Technical •January 15, 2023• 5 Min. Read

TextBlob: Most widely used library for NLP

TextBlob is an open-source Python library for processing textual unstructured data. It provides an API for the tasks such as Noun phrase extraction, Part-of-speech tagging, Sentiment analysis, Classification, Tokenization, etc.

Using Textblob for NLP

Most of the data generated in today’s times are unstructured. The wide variety of textual data available is a valuable source of information in various industries. In decoding this vast information, Natural Language Processing (NLP) plays an important role, which combines linguistics, computer science, and artificial intelligence.

The most popular python library for Natural Language Processing is NLTK. However, it is extensive and complicated to understand and apply.The simpler option is TextBlob, which is a more useful option for implementing NLTK’s functionality. It is an open-source Python library for processing textual unstructured data. It provides an API for the tasks such as Noun phrase extraction, Part-of-speech tagging, Sentiment analysis, Classification, Tokenization, etc.

To get started, you need to install the TextBlob as follows:

$ pip install -U textblob
$ python -m textblob.download_corpora

This command installs the TextBlob and downloads the necessary NLTK files.

Creating a TextBlob object

Perform thee import task:
from textblob import TextBlob

To create a TextBlob object:
Twit1 = TextBlob(“I really like this product!).”

Sentiment Analysis with TextBlob

Textblob offers a sentiment property which is tuple of the form Sentiment with attributes polarity and subjectivity. The polarity score is a float number within the range [-1.0, 1.0]. The subjectivity is a float number within the range [0.0, 1.0] where 0.0 is very objective and 1.0 is very subjective.

Example:
testimonial = TextBlob(“This product was very useful, great value for money”)

testimonial.sentiment
Sentiment(polarity=0.39166666666666666, subjectivity=0.4357142857142857)

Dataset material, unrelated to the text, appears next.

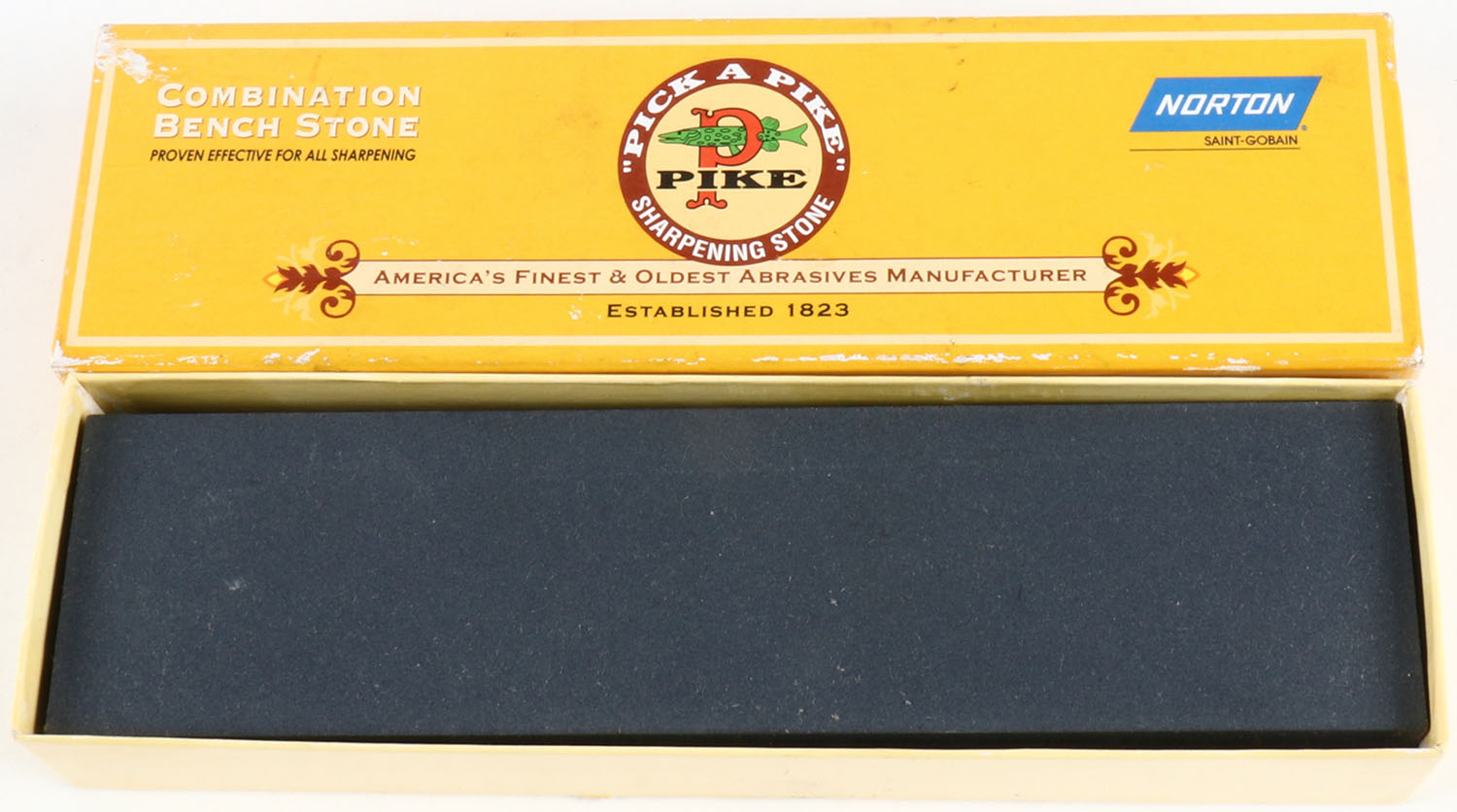 Sharpening stone, in orginal box. Grade: Excellent - Value: 4 to 40

testimonial.sentiment.polarity
0.39166666666666666

Tokenization

Tokenization refers to the task of breaking a TextBlob object into words or sentences.

For Example:
zen = TextBlob(“Beautiful is better than ugly. ”
“Explicit is better than implicit. ”
“Simple is better than complex.”)
zen.words
WordList([‘Beautiful’, ‘is’, ‘better’, ‘than’, ‘ugly’, ‘Explicit’, ‘is’, ‘better’, ‘than’, ‘implicit’, ‘Simple’, ‘is’, ‘better’, ‘than’, ‘complex’])

zen.sentences
[Sentence(“Beautiful is better than ugly.”), Sentence(“Explicit is better than implicit.”), Sentence(“Simple is better than complex.”)]

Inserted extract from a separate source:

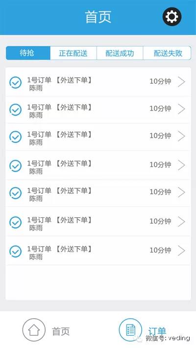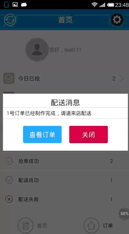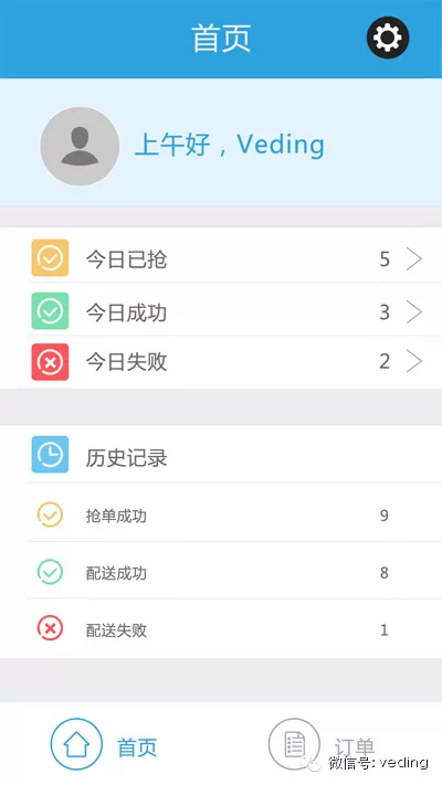 首页订单统计详细、精准。可以准确的统计出已抢订单,配送成功订单,配送失败订单等数据,方便配送员统计。简洁时尚的的首页统计界面,让你倍感舒心。数据统计精准、无误,配送员一看便知。如下图所示:

The Sentence objects have the similar properties as TextBlobs objects.

For Example:
for sentence in zen.sentences:
print(sentence.sentiment)

Words Inflection and Lemmatization

Each word in TextBlob.words or Sentence.words is a Word object (a subclass of unicode) with methods for word inflection.

For example :
sentence = TextBlob(‘Use 4 spaces per indentation level.’)
sentence.words
WordList([‘Use’, ‘4’, ‘spaces’, ‘per’, ‘indentation’, ‘level’])
sentence.words[2].singularize()
‘space’
sentence.words[-1].pluralize()
‘levels’

Words can be lemmatized by calling the lemmatize method as follows:

from textblob import Word
w = Word(“octopi”)
w.lemmatize()
‘octopus’
w = Word(“went”)
w.lemmatize(“v”) # Pass in WordNet part of speech (verb)
‘go’

Spelling Correction

You can apply the spelling correction with the correct() method.
b = TextBlob(“What a dey!”)
print(b.correct())
What a day!

Word objects can use a spellcheck() and Word.spellcheck() methods that returns a list of (word, confidence) tuples with added suggestions of spellings.

from textblob import Word
w = Word(‘falibility’)
w.spellcheck()
[(‘fallibility’, 1.0)]

Spelling corrections with this method are usually 70{4f8b3ed9fef9ea84dcab9ecab3909d1faac4098bcd4a30a2275db8b2fbfea39e} accurate.

You can also perform tasks such as Parsing n-grams, adding new models or languages through extensions, WordNet integration etc.